ケリング・ジュエリー:「ブシュロン(BOUCHERON)」「ポメラート(POMELLATO)」「ドド(DODO)「キーリン(QEELIN)」を統一したジュエリー事業のもとに統合することで、各メゾンのクリエイティブなアイデンティティを強化すると同時に、規模と一貫性の向上を実現。ジュエリーメゾンの成長を加速させるだけでなく、ファッションハウスにとっても大きな可能性を切り開く。
ケリング・アイウエア:15ブランドのポートフォリオと強力な産業力およびデザイン力を基盤とした統合型ラグジュアリーアイウエアプラットフォームを推進し、ラグジュアリースマートアイウエアのリーダーを目指す。グーグルとのパートナーシップのもと、コネクテッドアイウエアを真のラグジュアリー体験へと高め、各メゾンにおけるクラフツマンシップ、デザインにおけるリーダーシップ、そして有意義な機能性を融合させる。

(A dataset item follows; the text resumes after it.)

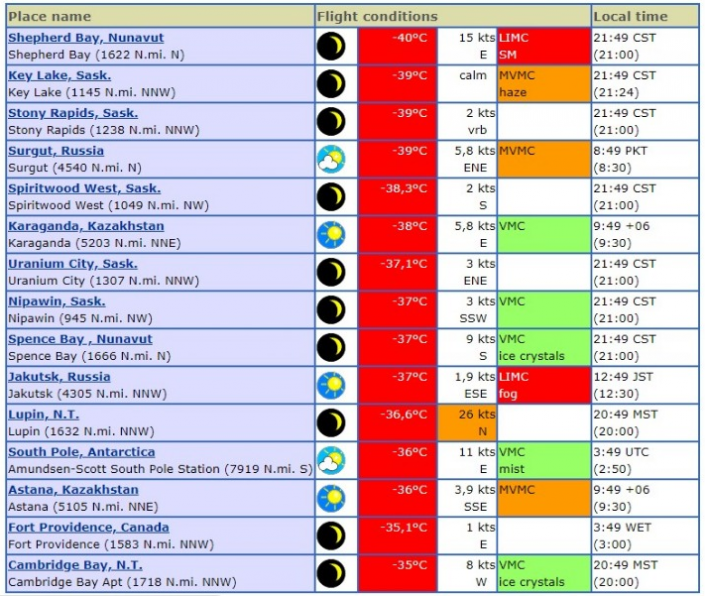 Первые три позиции в списке самых холодных мест мира разделили залив Шеперд (Канада), Ки-Лейк (Канада) и Стоуни Рапидс (Канада). Караганда расположилась на шестом месте с минус 38 градусами мороза. Столица Казахстана оказалась на 13-м месте. В Астане температура воздуха опустилась до минус 36 градусов. Замыкает топ-15 самых холодных мест мира Кеймбридж-Бей в Северной Каролине, США.

ケリング・ネクスト:新たな価値創造領域にアプローチすることでラグジュアリーの境界を拡大。「ジノリ1735 (GINORI 1735)」を文化的なデザインメゾンとして強化することから、ロレアルとの戦略的パートナーシップを通じてブランドのビューティにおける潜在能力を最大限に引き出すこと、そしてロンジェビティ&ウェルネス分野における長期的な機会を創出することまで、多岐にわたる。
アナリストからは
厳しい評価も
ケリングの2026年1〜3月期(第1四半期)決算は、売上高が前年同期比6.4%減の35億6800万ユーロ(約6636億円)だった。なお、現地通貨および既存店ベースでは横ばい。地域別での売上高は、北米が同9%増だったものの、西欧は同7%減、日本を除くアジア太平洋地域は同4%減、日本は同3%減だった。苦戦する「グッチ」の売上高は同14.3%減の13億4700万ユーロ(約2505億円)と市場予想を下回っている。
これを受けてアナリストからは、「(デムナによる)新たなクリエイティブ・ディレクションによる効果は、投資家が当初期待していたよりも現れにくい状況だ」「事業再編は以前に比べて複雑化し、時間も費用もかさみ、株式市場への適合性も著しく低下している」などの意見が相次いでいる。